◆ Work instructions: Each line below must be transcribed with no word changed.

◆ Dataset excerpt:
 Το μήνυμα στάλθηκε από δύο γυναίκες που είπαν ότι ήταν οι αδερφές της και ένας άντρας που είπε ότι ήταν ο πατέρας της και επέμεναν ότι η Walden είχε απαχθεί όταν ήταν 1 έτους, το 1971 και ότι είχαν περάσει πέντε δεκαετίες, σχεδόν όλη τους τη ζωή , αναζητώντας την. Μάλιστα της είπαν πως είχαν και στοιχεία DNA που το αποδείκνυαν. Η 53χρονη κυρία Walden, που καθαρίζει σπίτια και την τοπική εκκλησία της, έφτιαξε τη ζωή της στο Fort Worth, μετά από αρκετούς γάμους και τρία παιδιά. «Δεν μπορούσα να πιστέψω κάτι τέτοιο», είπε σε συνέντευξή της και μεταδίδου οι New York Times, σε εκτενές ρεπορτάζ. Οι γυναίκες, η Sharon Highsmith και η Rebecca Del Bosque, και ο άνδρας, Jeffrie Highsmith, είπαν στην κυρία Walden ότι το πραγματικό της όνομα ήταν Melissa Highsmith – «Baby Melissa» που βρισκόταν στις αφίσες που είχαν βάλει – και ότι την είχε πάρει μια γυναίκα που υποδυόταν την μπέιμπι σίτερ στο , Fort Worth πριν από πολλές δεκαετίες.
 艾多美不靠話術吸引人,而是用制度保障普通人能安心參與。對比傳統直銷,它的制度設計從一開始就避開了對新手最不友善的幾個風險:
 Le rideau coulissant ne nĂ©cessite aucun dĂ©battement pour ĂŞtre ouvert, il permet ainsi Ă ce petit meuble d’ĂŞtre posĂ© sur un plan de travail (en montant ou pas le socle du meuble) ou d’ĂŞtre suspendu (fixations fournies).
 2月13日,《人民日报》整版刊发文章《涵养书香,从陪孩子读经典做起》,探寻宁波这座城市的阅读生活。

◆ Exercise result:
 Το μήνυμα στάλθηκε από δύο γυναίκες που είπαν ότι ήταν οι αδερφές της και ένας άντρας που είπε ότι ήταν ο πατέρας της και επέμεναν ότι η Walden είχε απαχθεί όταν ήταν 1 έτους, το 1971 και ότι είχαν περάσει πέντε δεκαετίες, σχεδόν όλη τους τη ζωή , αναζητώντας την. Μάλιστα της είπαν πως είχαν και στοιχεία DNA που το αποδείκνυαν. Η 53χρονη κυρία Walden, που καθαρίζει σπίτια και την τοπική εκκλησία της, έφτιαξε τη ζωή της στο Fort Worth, μετά από αρκετούς γάμους και τρία παιδιά. «Δεν μπορούσα να πιστέψω κάτι τέτοιο», είπε σε συνέντευξή της και μεταδίδου οι New York Times, σε εκτενές ρεπορτάζ. Οι γυναίκες, η Sharon Highsmith και η Rebecca Del Bosque, και ο άνδρας, Jeffrie Highsmith, είπαν στην κυρία Walden ότι το πραγματικό της όνομα ήταν Melissa Highsmith – «Baby Melissa» που βρισκόταν στις αφίσες που είχαν βάλει – και ότι την είχε πάρει μια γυναίκα που υποδυόταν την μπέιμπι σίτερ στο , Fort Worth πριν από πολλές δεκαετίες.
 艾多美不靠話術吸引人,而是用制度保障普通人能安心參與。對比傳統直銷,它的制度設計從一開始就避開了對新手最不友善的幾個風險:
 Le rideau coulissant ne nĂ©cessite aucun dĂ©battement pour ĂŞtre ouvert, il permet ainsi Ă ce petit meuble d’ĂŞtre posĂ© sur un plan de travail (en montant ou pas le socle du meuble) ou d’ĂŞtre suspendu (fixations fournies).
 2月13日,《人民日报》整版刊发文章《涵养书香,从陪孩子读经典做起》,探寻宁波这座城市的阅读生活。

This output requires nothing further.